Kanemaru-san smoked his Golden Bat cigarettes throughout the meal, but reverently put them aside for the after-meal entertainment.
He brought out daisho (a pair of samurai swords) consisting of a wakazashi and a katana – I’ll direct you HERE for more information on these two types of weapons.
Kanemaru-san explained that his ancestors had been samurai… you could have knocked me over with a feather. He unwrapped the swords from a silk binding and held the larger of the two swords—the katana—reverently in two thick hands, as though he was making an offering to the gods. Even though it looked as though he was offering the sword to me, I was either smart enough or too stunned to reach out and take it. I’m pretty sure that you don’t touch another guy’s sword.

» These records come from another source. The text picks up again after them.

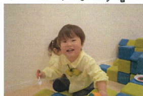
にっこにこど楽しんで 何を作るのクッ?
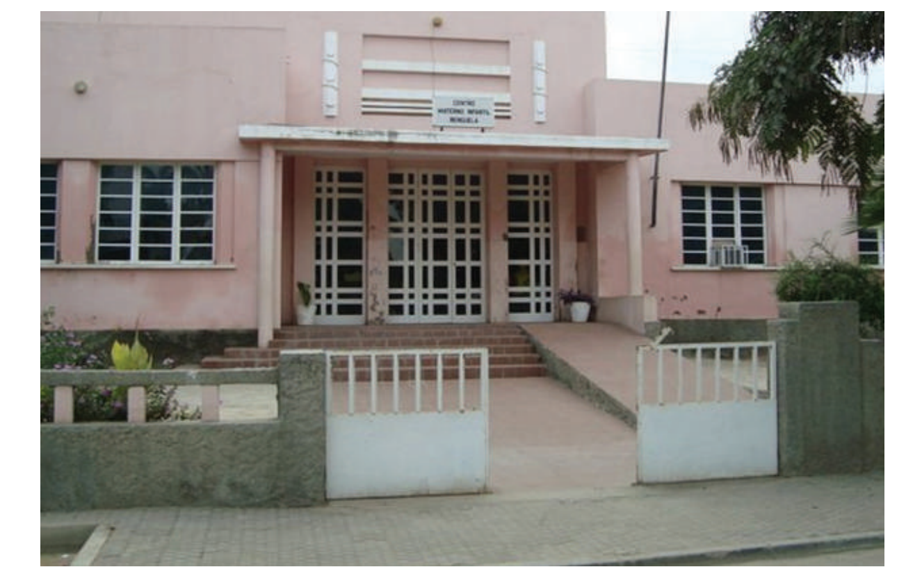
Dispensário de Benguela – Instituição de Assistência às Crianças Indígenas (IACI) / Centro Materno-Infantil de Benguela, Angola. Projeto de autor desconhecido. Inaugurado em 1940
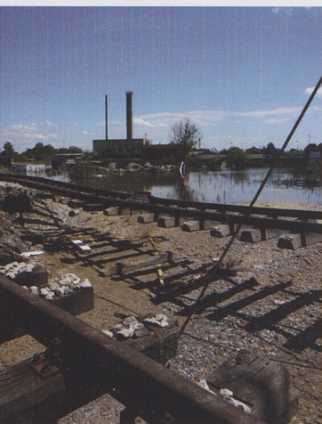
Velké povodně mohou poškodit důležitou dopravní infrastrukturu.
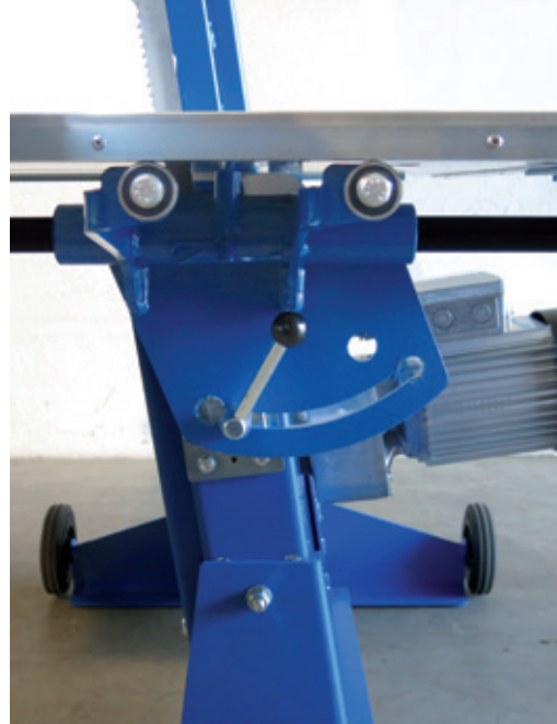
Gehrungswinkel-Anschlag Mitre square stop for bevel cuts
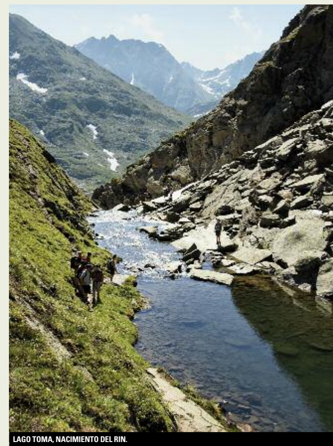
LAGO TOMA, NACIMIENTO DEL RIN.

Damos comienzo en el paso Oberalp donde las características señales amarillas de los senderos suizos indican el camino del lago Toma (al mismo lago se puede llegar siguiendo la ruta del pico Pazolastock pero es una alternativa más larga y deportiva). Después de un corto tramo cuesta arriba, el camino flanquea el Pazolastock.
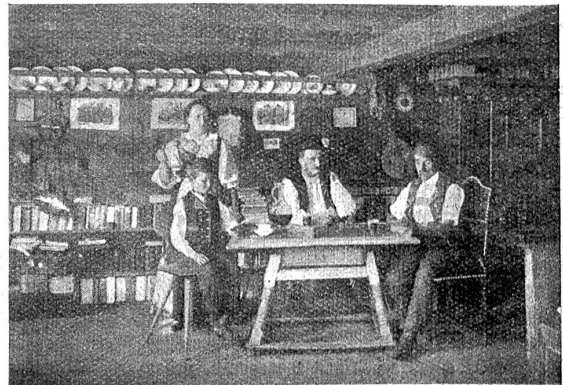
In der Ahnenstube (Coggenburg).

lichen Sohlen durch das Haus huscht und niederkauert in jedem Winkel der freundlichen Wohnung. Meta wird immer wirrer und angstvoller zumute. Wenn ihr nur wer

Besides the obvious wordplay, swordplay to the Japanese is not something you fool around with—especially when the 200+ year-old sword Kanemaru-san was holding was one that had lopped off more than its fair share of limbs in the past.
While it’s always possible that he was embellishing his ancestor’s story, I always got the feeling that Kanemaru-san was a straight shooter.
The sword was in pieces – IE hilt and pommel were apart from the supremely shiny blade—within minutes, he had carefully re-built it… and like the fine piece of weaponry it was, it sang as he slashed the air in front of him. That oxygen never had a chance, as in shock I tried to suck the air in.
Right there in front of me, Kanemaru-san transformed from a humble jowled-faced salary-man at the OBOE, back to tough as nails Bushido-following samurai. You could see him glow. It truly was exciting.
He told me via his dictionary that every time a blade is drawn from its hilt, it must claim blood, so he calmly placed his thumb near the blade to nick it and feed the sword... but that baby must have been sharper than Kanemaru-san because man, did his thumb splurt!
Holy crap, there was blood everywhere. I swear it didn’t even look like he had touched it, but he was bleeding pretty good. His yells brought his wife running, who quickly sized up the situation – shocked gaijin, screaming husband, a samurai sword and tatami mats splattered with blood and ran quickly for a towel and a Band-Aid.
Prying Kanemaru-san’s thumb from his mouth, she looked at the cut, shouted ‘bakayaro!’ (stupid idiot), smacked him on the back of the head, quickly wiped the blood away and applied the band-aid – a Hello Kitty one – all in about 4.7 seconds. The samurai had nothing on the quickness of a wife chastising a husband.
Done gushing, Kanemaru-san mumbled under his breath about something-this and something-that (I’m sure now, as a married man, that it had something to do with how a wife can suck all of the fun out of a party—oh, did I mention we had a few shots of sake (rice wine) at dinner? No? Well, that goes without saying and probably explains why we were fooling around with weapons--oh my gawd... he was a Japanese redneck!), and began cleaning the blood from the weapon before taking it apart and putting it away.
He looked at his thumb, grinned and painfully flipped through his dictionary to tell me one word “owie”. Who the heck put that in the Japanese/English dictionary? I mean, it was appropriate, but… anyhow, the actual Japanese word is ‘itai’, which should translate into hurt or pain. 'Owie' work, too.
It was 10PM, and it was time for bed. I slept in a double-thick futon with a large feathery down comforter and slept very well. In the morning (7AM), Mrs. Kanemaru-san pointed to me and made a snoring noise. I have no idea what she meant – I heard nothing.
We had a horrible breakfast… a cold fried egg atop cold rice, with a glass of orange juice. If that’s a typical Japanese breakfast, I’ll never eat breakfast here again.
Mister and Mrs. Kanemaru, Tomohiro, their grandfather (where the heck had he been all evening and breakfast? – I’m kidding, he was around – just not pertinent to this particular story) and I got into the white van – a Toyota Cherry Vanette and headed back home to my place… but then they drove on by and headed along a road familiar to me… we arrived five minutes later in front of Ashley’s place in Nishinasuno Town. I’m pushed out of the van towards her place, I walk to her door – notice the Kanemaru’s are now standing outside the car – and grab her knocker. You know what I mean.
Ashley answers smiling, sees me and scowls.